A few days ago, a new acquaintance asked me whether or not I liked Lebanon. This is always a difficult question when you are a guest in someone else’s country. As I think about my experience here, it strikes me as important that I only lived in Lebanon for four months before the Hariri assassination. Could I really call what has been going on since then the real Lebanon? Do I even know the real Lebanon? I wonder…

Along these lines, it’s been interesting to me to see the changes in society as the events of last February march on. From what I’m told, things are quite bad for the country economically these days. However, from what I directly observe, and from the macroeconomic indicators, the economy is doing reasonably well from a historical perspective. So, this begs the question, is the sky really falling, or am I hanging around with negative people?

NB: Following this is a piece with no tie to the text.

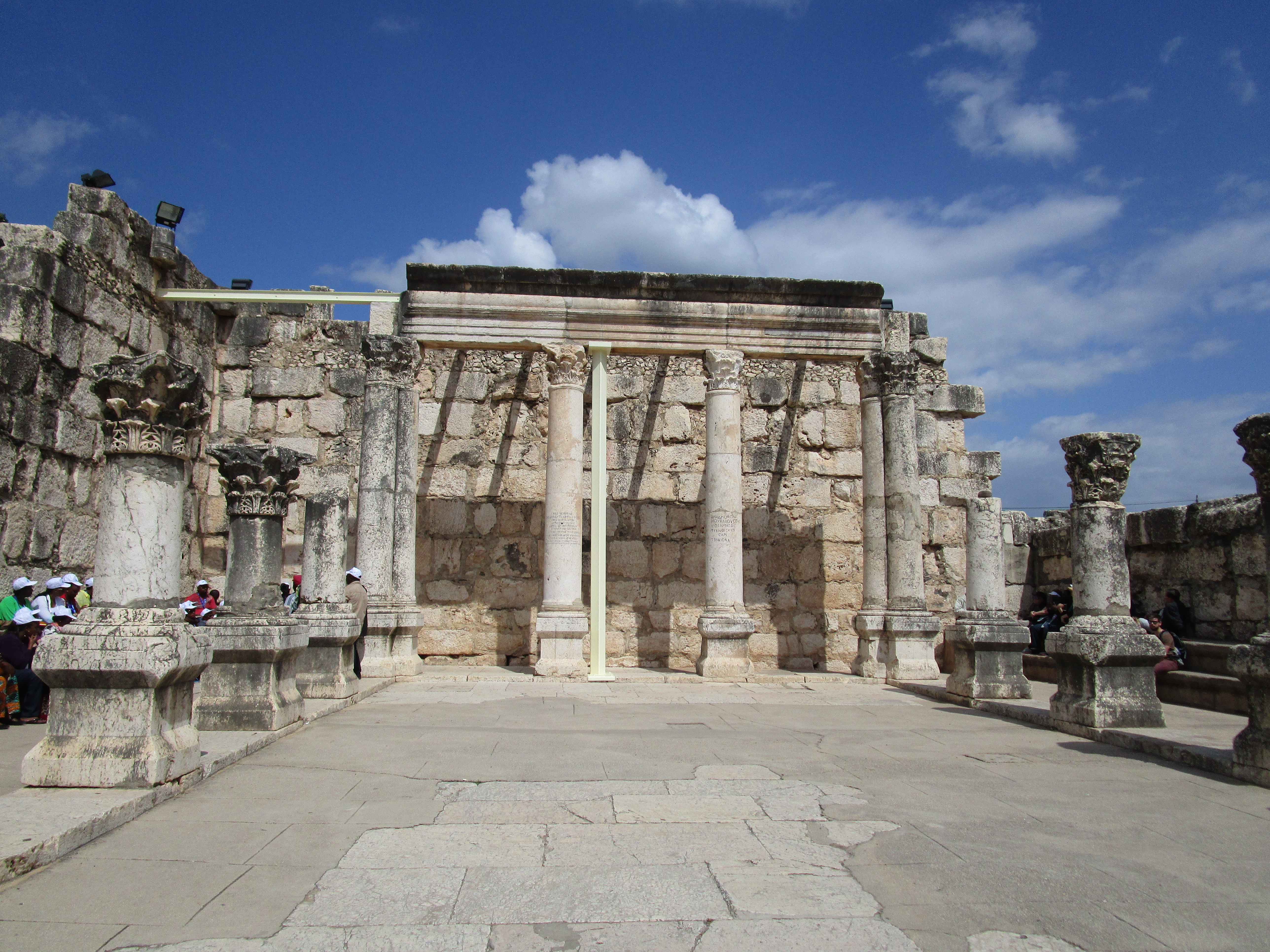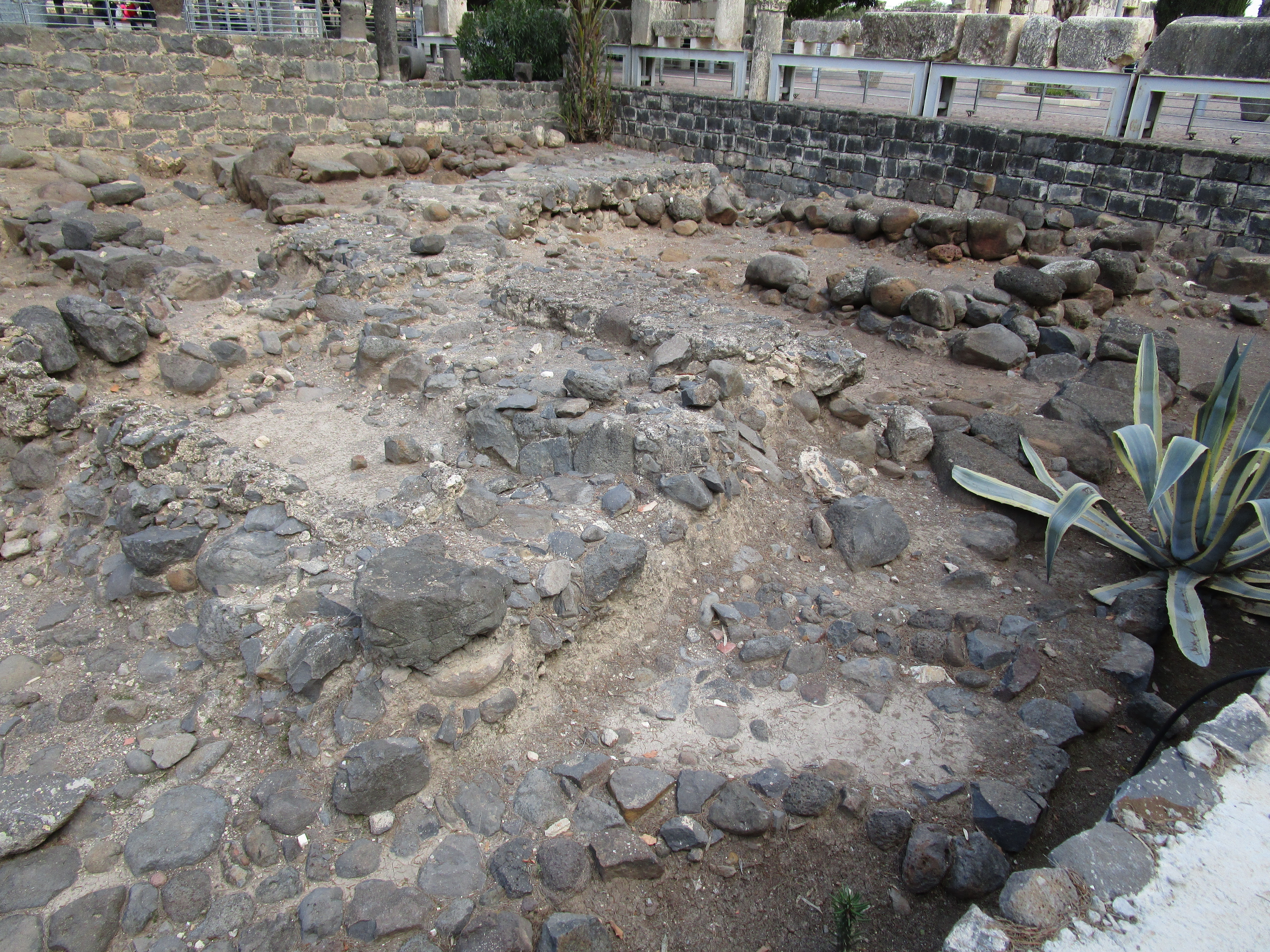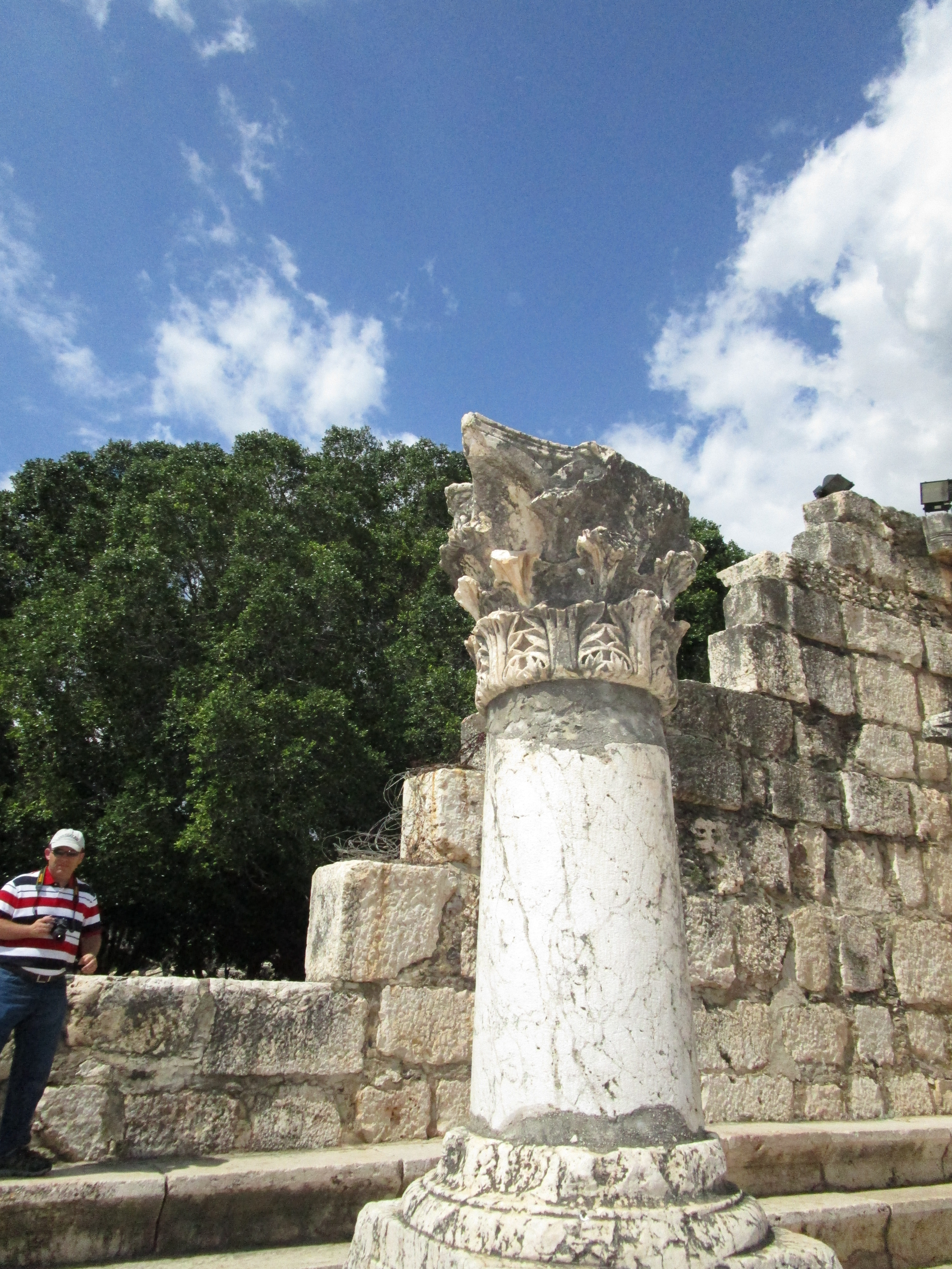 It is located on the shoreline of the north end of the Sea of Galilee. Standing inside the city, the sun shone on our faces, and I heard wind blowing through the trees and waves lapping on the shore. I could smell that peculiarly pleasant fishy scent that is so prevalent in seaside towns. It was windy and cool, but Tsvi told us in the summertime that it is so hot that it is impossible to remain outside for long.

Thursday, December 08, 2005

Lebanese food

I went out to lunch at a fairly nice Lebanese restaurant today. I’ve never really blogged about Lebanese food before, but I think I might start. The key aspect of today’s meal that caught my attention was how odd it was that we had all been eating for about thirty minutes before any of us picked up our utensils.

That’s just the way it goes with a lot of Lebanese dishes. They aren’t exactly finger foods, but many of them are eaten with flatbread instead of silverware. For example, you tear off a little 2x2 inch parcel of flat bread and use that as a scoop for a wide variety of potential salads and starters. The actual meal generally requires utensils, but not necessarily. It’s just a different way of eating, and quite tasty at that.

Tuesday, December 06, 2005

half full, half empty

One of the downsides of our new location has to do with out proximity to the ocean. At this point, we’re about a block and a half away, which means that because our building’s water supply comes from a well, all the water is slightly salty.

On the plus side, this makes it really easy for recipes that call for boiling salted water….

Monday, December 05, 2005

Out of Achrafieh

The move is over. Things went relatively well, although we couldn't find my shoes for about 36 hours. So far, the new house is great, and we are really looking forward to spending the next year here.

On the other hand, it looks like our old landlord is getting cantakerous. I can imagine that the prospect of having their ridiculously over priced apartment sit empty doesn't really please them. I can understand that, but my sympathies are limited. If you want a tennant, lower the price. It's called competition. We don't owe to to you to endlessly renew the lease on your overpriced place.

Anyway, we're very happy with the new place.

Thursday, December 01, 2005

Looting

I've often wondered how so many of Lebanon's archeological treasures are still around, seeing as most of them are in plain view for anyone to pick up and walk off with.

Well, I guess the answer is that people are going to pick them up and walk off with them whether they are in plain sight or not...

Lebanon's Summer Presidential Palace is Burglarized

"...burglars sawed the iron of a ground floor window to slip into the huge compound and get away with priceless jewelry dating back to the Roman era."